Vascualar reconstruction during pancreatoduodenectomy for ductal adenocarcinoma of the pancreas improves resectablility but does not achieve patients cure

This session began with a presentation by Dr. Jean-Francois Gigot from Universite Catholique de Louvain (Belgium). Based on recent publication from his group,1 he suggested the necessity of multidisciplinary approach to treat pancreatic cancer requiring combined vascular resection. In his talk, he reviewed their retrospective comparative study between Group A (N=82, pancreaticoduodenectomy (PD) without vascular resection), Group B (N=67, PD with isolated vascular resection), and Group C (N=8, PD with arterial resection). Postoperative morbidity and mortality rates were reported to be similar in each group, however, R1 resection was significantly more frequent in Group B (42%) and C (50%) compared to Group A (13%, p<0.001). In addition, more advanced tumor conditions were related to Group B and C, including features such as lower Karnofsky index, a higher serum CA 19-9, large size, more advanced AJCC stage, and frequent location of the uncinate process of the pancreas. Ten-year overall and disease-free survival rates were significantly better in Group A (19%, and 20%, respectively) compared to Group B (2.8%, and 0%) and Group C (both 0%). Combined vascular resection and the presence of metastatic lymph node were determined to be independent prognostic factor on multivariate analysis, indicating that PD with vascular resection increased local resectability without additional perioperative morbidity and mortality, but was not associated with improved oncologic outcome. Especially, he claimed arterial resection should be regarded as contraindication due to high morbidity and poor survival outcome.

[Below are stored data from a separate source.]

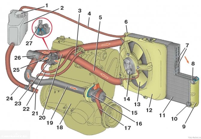 1 – элемент в виде пробки для бака расширения; 2 – бак для расширения; 3 – шланг отвода жидкости из патрубка; 4 – шланг проходящий между радиатором и бачком расширительным; 5 – шланг отводящий от радиатора; 6 – бачок с лева от радиатора; 7 – трубка алюминиевая; 8 – системы заглушки; 9 – бачок с права от радиатора; 10 – пробка для слива; 11 – середина радиатора; 12 – кожух для электрического вентилятора; 13 – пластиковые крылья электрического вентилятора; 14 – электрический двигатель; 15 – насосный шкив зубчатый; 16 – крыльчатка насоса; 17 – ремень привода вала распределительного; 18 – блок для двигателя; 19 – насосная труба; 20 – шланг для радиатора с подводящей функцией; 21 – шланг радиатора отопителя с функцией отвода; 22 – шланг подводящий охлаждающую жидкость к дроссельному патрубку; 23 – выпускной патрубок; 24 – шланг для заправки; 25 – шланг радиатора отопителя с функцией подвода; 26 – термостат; 27 – датчик температуры охлаждающей жидкости; 28 – датчик указателя уровня охлаждающей жидкости.
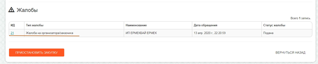 При необходимости приостановки закупки необходимо войти по наименованию закупки и спуститься в нижнюю часть страницы, где можно ознакомиться с жалобой по данной закупке.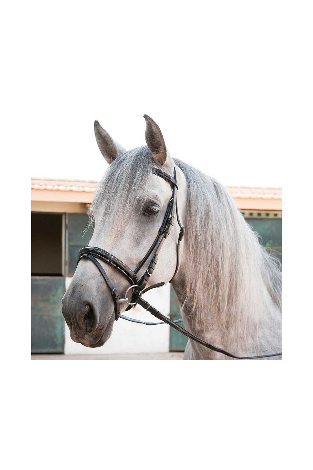 Cabezada realizada en cuero de primera calidad, con puntadas en contraste. Frontalera, muserola y riendas alomadas y decoradas con motivo pespunteado. Riendas con goma antideslizante para un mejor agarre.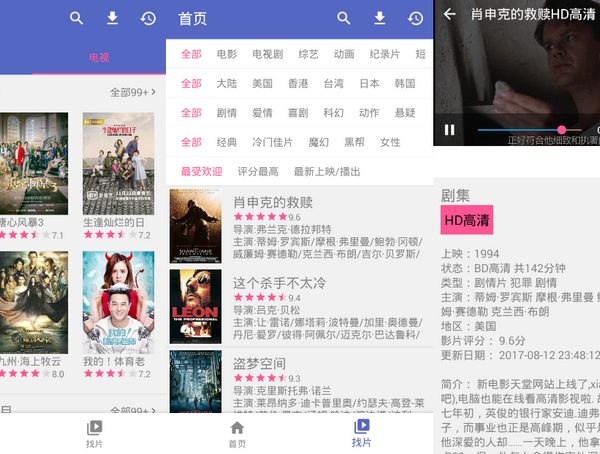 这是电影天堂安卓客户端的简约版,全新改变,全新应用图标,更纯粹的界面设计,可以在线免费观看及下载影视,采集了豆瓣影视内容,包含最新/热门/评分最高/最受欢迎/排行榜,几乎全部为HD高清影视,有些甚至是各大平台的VIP影视,播放过程可以切换其它视频平台的线路,播放非常流畅,下载速度也还可以。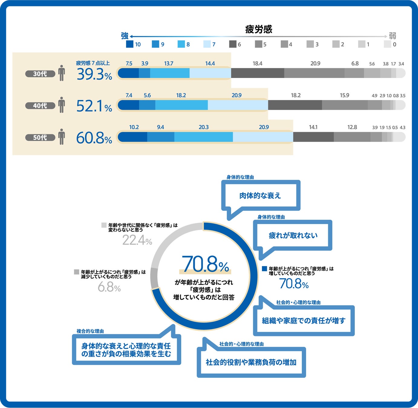現代人の70.8%が年齢とともに「疲労感は増していく」と回答し、主に「体力の衰えや回復力の低下」と「仕事上の責任や心理的負荷の増大」が要因であることが分かり、年齢とともに職場と家庭の両方で背負う社会的・心理的な負荷が増大していくことが影響していると考えられます。
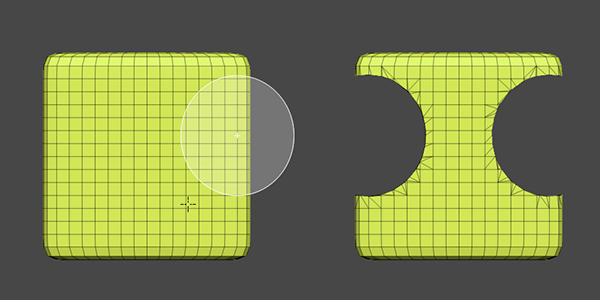 - KnifeCircleやKnifeRectをメッシュの内側に持って行っても穴をあけることはできません。

The result of that study are based on retrospective data collected during long-term follow-up period, and preoperative resectability was not exactly described in this study, however, it is thought that a significant portion of patients in Group B and C might had BRPC when considering the surgical outcomes of potentially resectable cancers with high risk of margin positivity. In addition, when we compared other studies reporting a lower incidence of lymph node metastasis in patients with pancreatic cancer who underwent pancreatectomy following neoadjuvant chemoradiation,2-4 this paper seemed to be a good example of current oncologic problems of surgery as the first approach in BRPC cancer, supporting the potential application of neoadjuvant therapy in treating these patients.

Evolution towards chemo radiotherapy for BRPC, what promised to be best?

William Nealson from Vanderbilt University School of Medicine (USA) began his talk by asking the following questing; "Is there place for neoadjuvant therapy for BRPC? If so, chemotherapy alone or Chemoradiation therapy?" There are rationales for the use of neoadjuvant therapy in advanced pancreatic cancer, However, a recently published meta-analysis5 evaluating the role of neoadjuvant therapy in advanced pancreatic cancer suggested (1) most available data provide a low level of evidence; (2) definitions of unresectable pancreatic cancer and BRPC are not consistent, or not clearly described; and (3) there is a general lack of stated criteria for resection after neoadjuvant therapy in most studies. All of these factors make it difficult to draw a meaningful conclusion about the therapeutic role of neoadjuvnat therapy in treating pancreatic cancer.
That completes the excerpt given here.